Number of vectors per token

The most direct outcome of this setting is the size of the TI file. So, you can infer this setting from the size of a TI file.

My usual setting is 8 to 48, with 8 or 16 being safe options.

The specific setting also depends on the number of images in the dataset, the complexity of the dataset, and the training objectives.

12.Is there a universal, always viable training parameter recipe?

For me, no.

Even with the exact same dataset and training parameters, on the same device, each training session will yield different results.

My training process typically involves:

if the first training results are good, I don't make any changes or make slight adjustments to the training parameters and train one or two more times. Then, I select the one I consider the best from the results.

If the first training results are unsatisfactory, then adjustments or replacements to the dataset are needed. I adjust the training parameters accordingly and try again. If still unsatisfied, I continue adjusting.

Because each dataset is different, there is no fixed training parameter recipe that will always work for me.

But for beginners, I have a recommended recipe, which is the 'exception' mentioned earlier.

This recipe is not my invention, but rather the recipe previously published by JernauGurgeh.

To put it simply:

15 images, batch size (BS) = 3, gradient accumulation (GA) = 15

I think this is the easiest way for beginners to achieve success, and since it only requires 15 images, each training session is very short, so you can get results quickly and then adjust and experiment further.

This is the method I used to train my first successful TI. On a 3080 GPU, each training run takes only around 5 minutes.

When using this method, I recommend setting the number of training steps to 200.

One thing to note is that I've never achieved consistent good results with this formula on Kohya as I did with A1111. I suspect that the setting GA=15 might trigger some special processing mechanism in A1111. Of course, this is just a suspicion(I haven't carefully reviewed the training code for A1111.) and doesn't affect anyone's use of this formula on A1111.

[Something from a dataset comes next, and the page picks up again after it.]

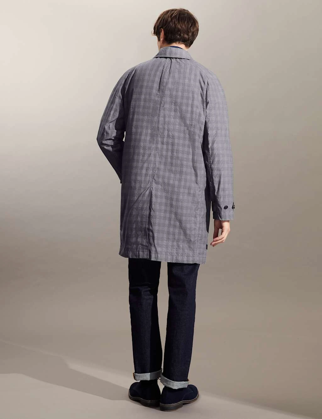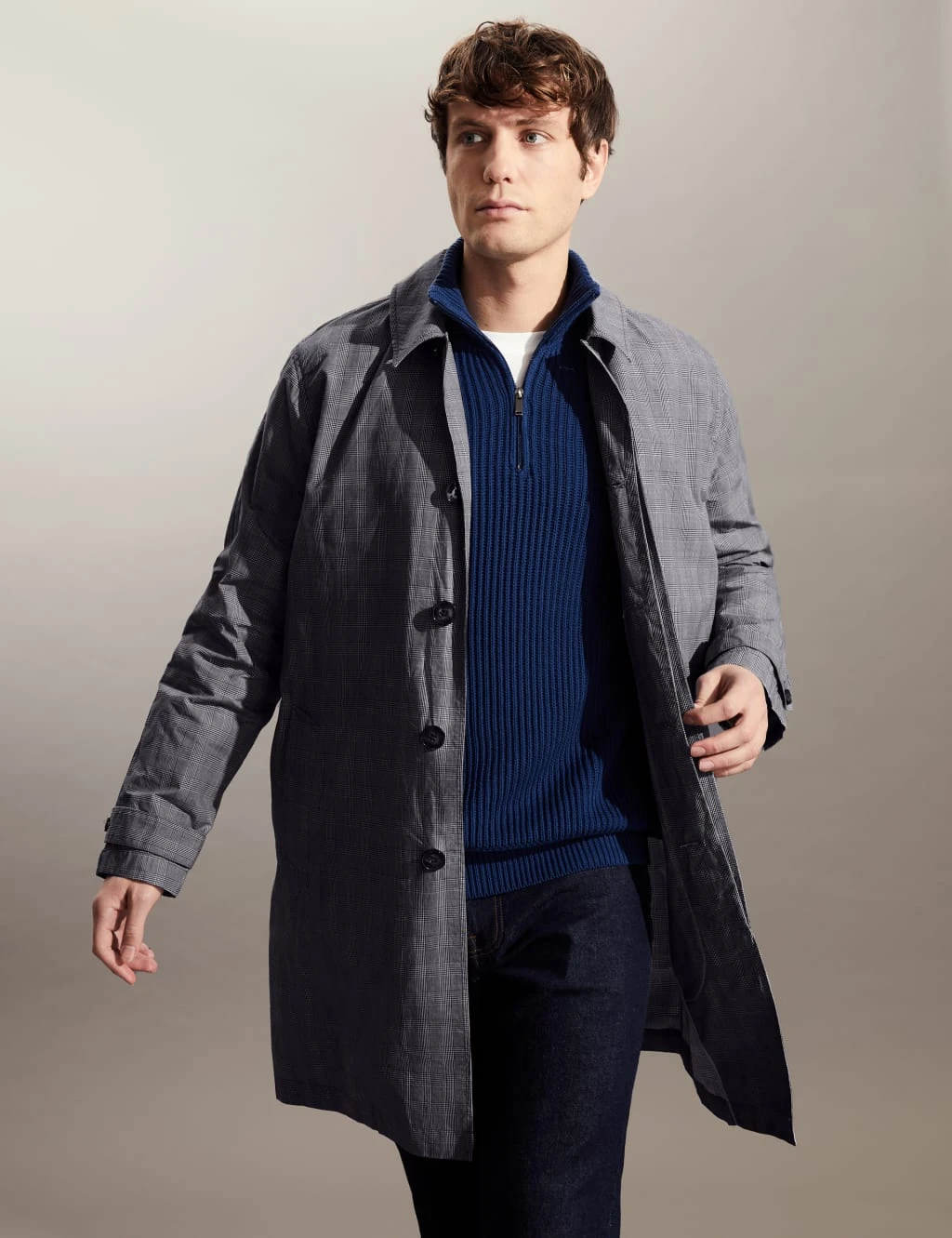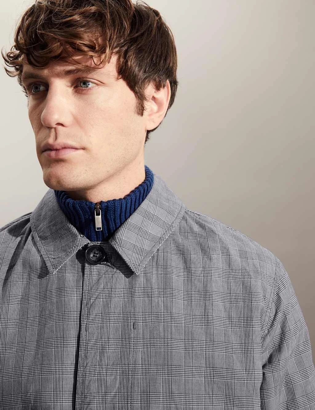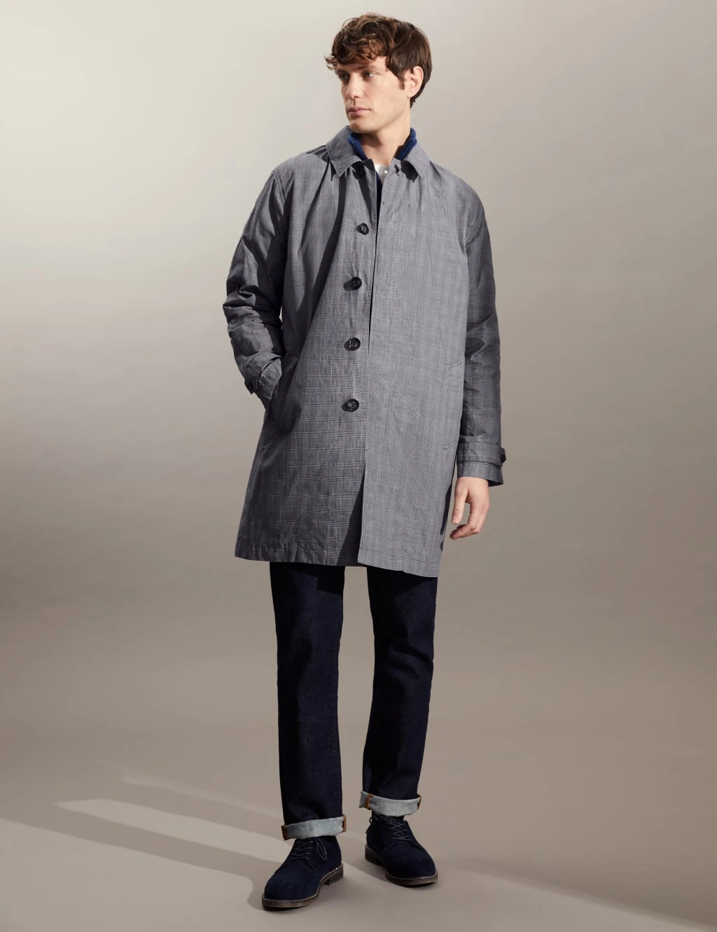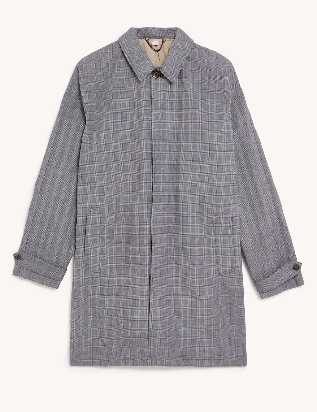 This smart trench coat by Jaeger is crafted from waxed cotton cloth with a distinctive check print. It’s lightweight and water-resistant, thanks to the superior fabric from Scottish mill Halley Stevensons. Traditional trench features include bands at the cuffs, a neat collar with a corduroy undercollar and two front pockets. The coat is also part-lined and has fully bound seams for comfort, while the vent ensures movement is easy. Wear it as a smart extra layer on a chilly day.
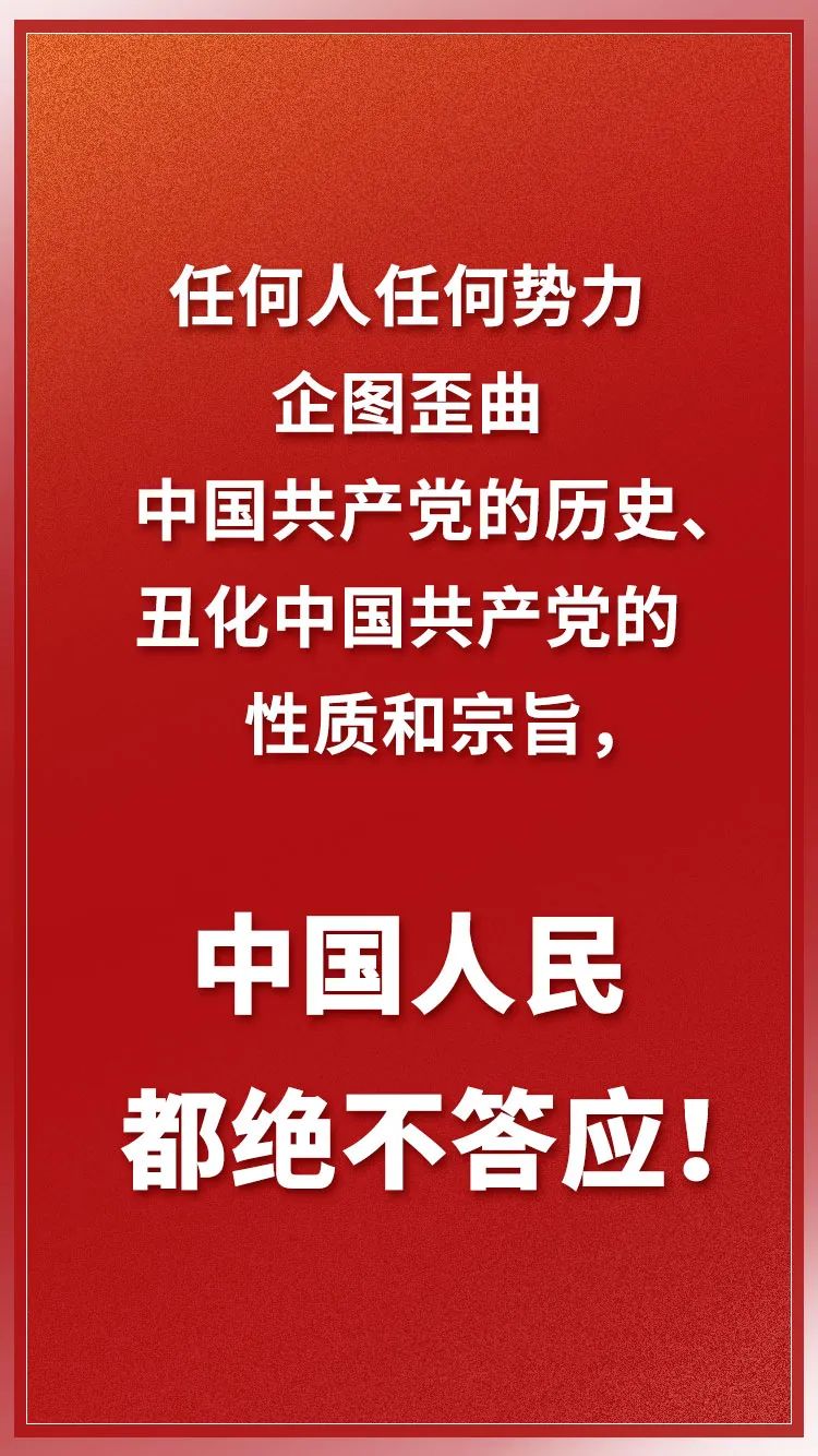 ——實現中華民族偉大復興,必須堅持中國共產黨領導。辦好中國的事情,關鍵在黨。只要我們深入了解中國近代以來的歷史就不難發現,鴉片戰爭以后的很長時間里,中國呈現各自為政、一盤散沙的亂象,這是日本軍國主義敢于發動全面侵華戰爭的重要原因。如果沒有中國共產黨領導,完成民族獨立和解放的任務就可能拖得更久、付出的代價更大,我們的國家更不可能取得今天這樣的發展成就、更不可能具有今天這樣的國際地位。堅持黨的全面領導,是國家和民族興旺發達的根本所在,是全國各族人民幸福安康的根本所在。我們要聚精會神抓好黨的建設,使我們黨越來越成熟、越來越純潔、越來越強大、越來越有戰斗力。全國各黨派、各團體、各民族、各階層、各界人士要緊密團結在黨中央周圍,萬眾一心向前進。任何人任何勢力企圖歪曲中國共產黨的歷史、丑化中國共產黨的性質和宗旨,中國人民都絕不答應!

If you have already achieved success with JernauGurgeh's method, then j1551's method is also worth trying:

30 images, batch size (BS) = 6, gradient accumulation (GA) = 5, Steps = 300

If you are also successful with j1551's method, and you still have the interest to continue exploring, then you should have many of your own ideas and insights that you can freely try out.

Okay, I'll stop here. I hope this has been helpful for beginners.

I want to emphasize again that these are just my own experiences and thoughts. I'm not a professional, and the content above may contain numerous errors and cognitive biases. Please understand. I also ask that experts not mock or ridicule me.

Judging from both the discussion volume on Reddit and the download counts on Civitai, once highly popular TIs are gradually being forgotten as the number of SD v1.5 users decreases. Many new SD users only know about LoRA and not TI anymore.

I enjoy TI just like other friends who are still using TI. I believe that once there is an efficient TI training tool, TI will still be the preferred choice for a large number of users in the era of SD3.